**How to complete this task**
From the line with "Contenitori per sottovuoto" to the line with "Gebruik de zoekbalk", output every line below exactly, both ends included. Skip the pictures.

**Task input**

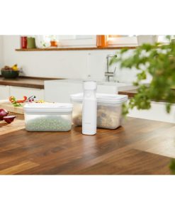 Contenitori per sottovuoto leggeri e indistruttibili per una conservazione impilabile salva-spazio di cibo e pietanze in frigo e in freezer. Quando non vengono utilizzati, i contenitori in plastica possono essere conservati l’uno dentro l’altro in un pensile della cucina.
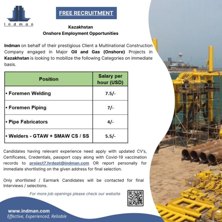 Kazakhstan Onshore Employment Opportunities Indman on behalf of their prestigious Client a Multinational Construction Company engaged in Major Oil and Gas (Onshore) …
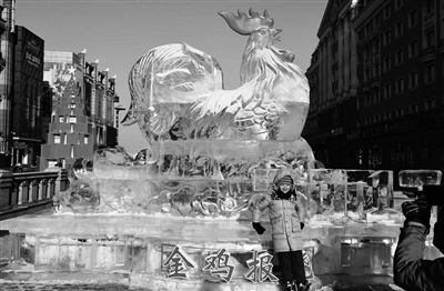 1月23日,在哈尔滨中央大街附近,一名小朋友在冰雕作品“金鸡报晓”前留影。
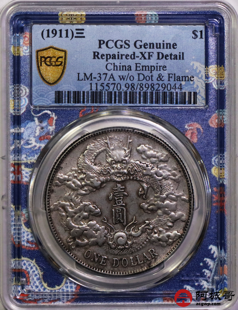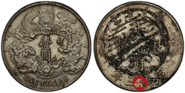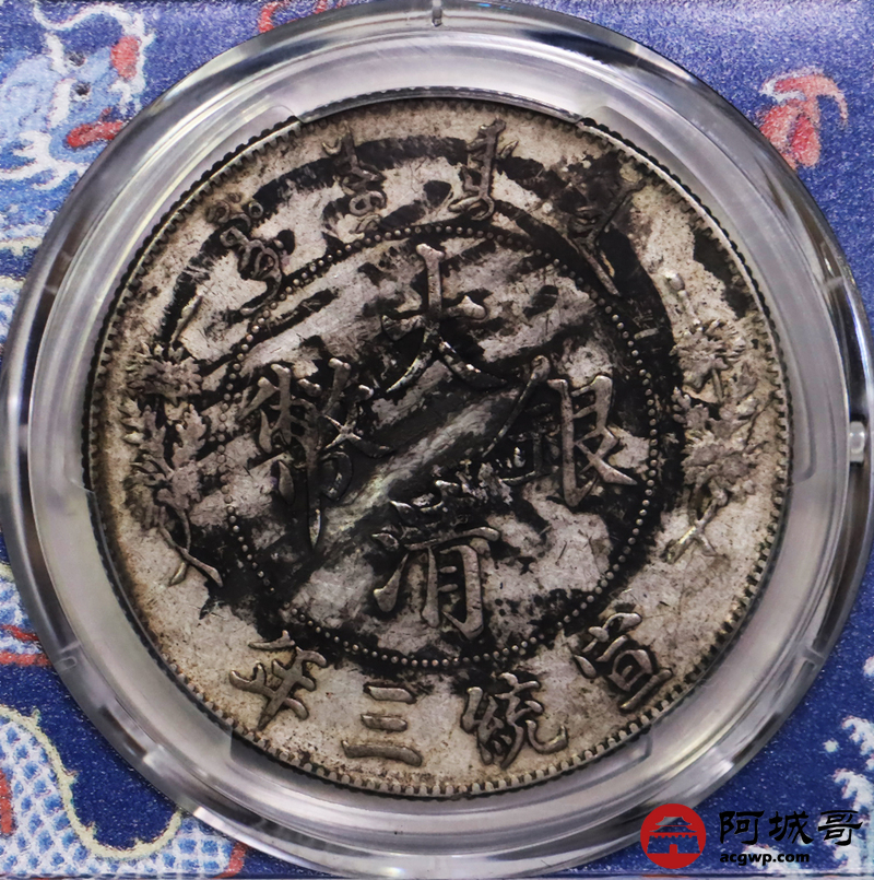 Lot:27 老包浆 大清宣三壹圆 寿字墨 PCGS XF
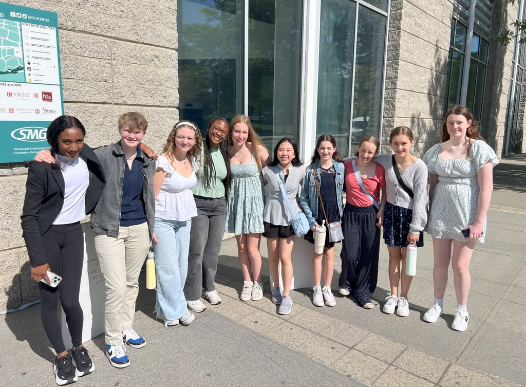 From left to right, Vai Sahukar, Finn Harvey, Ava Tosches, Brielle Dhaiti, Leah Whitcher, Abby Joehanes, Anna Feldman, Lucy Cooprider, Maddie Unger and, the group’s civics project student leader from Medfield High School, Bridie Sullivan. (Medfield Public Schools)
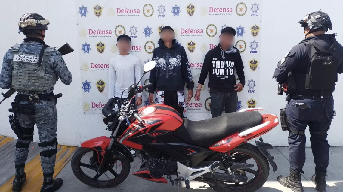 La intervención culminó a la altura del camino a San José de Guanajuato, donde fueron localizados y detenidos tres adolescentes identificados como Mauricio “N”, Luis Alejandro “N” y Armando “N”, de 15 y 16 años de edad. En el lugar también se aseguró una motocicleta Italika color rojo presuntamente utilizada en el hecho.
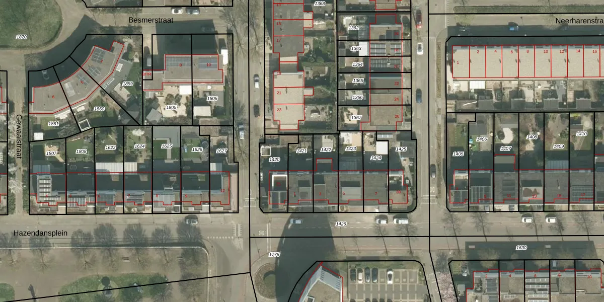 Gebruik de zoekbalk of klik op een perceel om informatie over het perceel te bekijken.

==

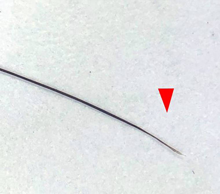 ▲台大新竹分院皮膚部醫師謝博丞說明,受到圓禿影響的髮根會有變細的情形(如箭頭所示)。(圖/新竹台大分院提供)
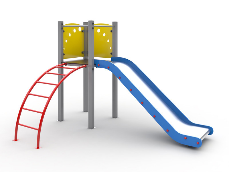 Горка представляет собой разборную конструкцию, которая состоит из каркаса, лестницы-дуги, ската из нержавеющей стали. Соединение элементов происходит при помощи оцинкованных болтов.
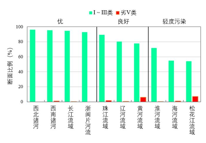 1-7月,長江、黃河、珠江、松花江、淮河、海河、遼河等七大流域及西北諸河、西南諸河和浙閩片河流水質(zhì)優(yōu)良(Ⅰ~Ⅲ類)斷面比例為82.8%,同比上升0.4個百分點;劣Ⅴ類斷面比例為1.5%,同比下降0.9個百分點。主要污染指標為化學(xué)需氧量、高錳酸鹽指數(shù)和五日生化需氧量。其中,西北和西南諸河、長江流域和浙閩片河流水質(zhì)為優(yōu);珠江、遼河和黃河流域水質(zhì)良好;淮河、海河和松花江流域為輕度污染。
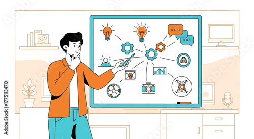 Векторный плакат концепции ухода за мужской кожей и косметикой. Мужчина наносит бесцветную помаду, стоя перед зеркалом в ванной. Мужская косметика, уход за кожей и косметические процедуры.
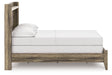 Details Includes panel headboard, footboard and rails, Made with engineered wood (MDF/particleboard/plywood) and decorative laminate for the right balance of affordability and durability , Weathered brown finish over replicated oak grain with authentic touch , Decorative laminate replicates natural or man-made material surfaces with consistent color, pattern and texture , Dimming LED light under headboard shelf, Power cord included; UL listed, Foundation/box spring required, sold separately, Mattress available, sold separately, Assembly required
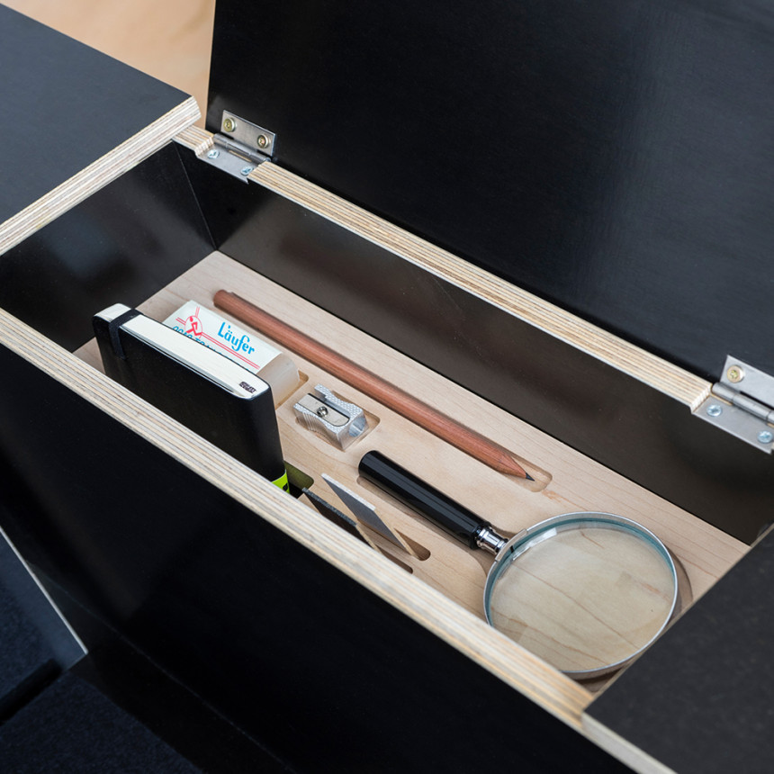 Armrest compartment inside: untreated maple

**Answer section**
 Contenitori per sottovuoto leggeri e indistruttibili per una conservazione impilabile salva-spazio di cibo e pietanze in frigo e in freezer. Quando non vengono utilizzati, i contenitori in plastica possono essere conservati l’uno dentro l’altro in un pensile della cucina.
 Kazakhstan Onshore Employment Opportunities Indman on behalf of their prestigious Client a Multinational Construction Company engaged in Major Oil and Gas (Onshore) …
 1月23日,在哈尔滨中央大街附近,一名小朋友在冰雕作品“金鸡报晓”前留影。
 Lot:27 老包浆 大清宣三壹圆 寿字墨 PCGS XF
 From left to right, Vai Sahukar, Finn Harvey, Ava Tosches, Brielle Dhaiti, Leah Whitcher, Abby Joehanes, Anna Feldman, Lucy Cooprider, Maddie Unger and, the group’s civics project student leader from Medfield High School, Bridie Sullivan. (Medfield Public Schools)
 La intervención culminó a la altura del camino a San José de Guanajuato, donde fueron localizados y detenidos tres adolescentes identificados como Mauricio “N”, Luis Alejandro “N” y Armando “N”, de 15 y 16 años de edad. En el lugar también se aseguró una motocicleta Italika color rojo presuntamente utilizada en el hecho.
 Gebruik de zoekbalk of klik op een perceel om informatie over het perceel te bekijken.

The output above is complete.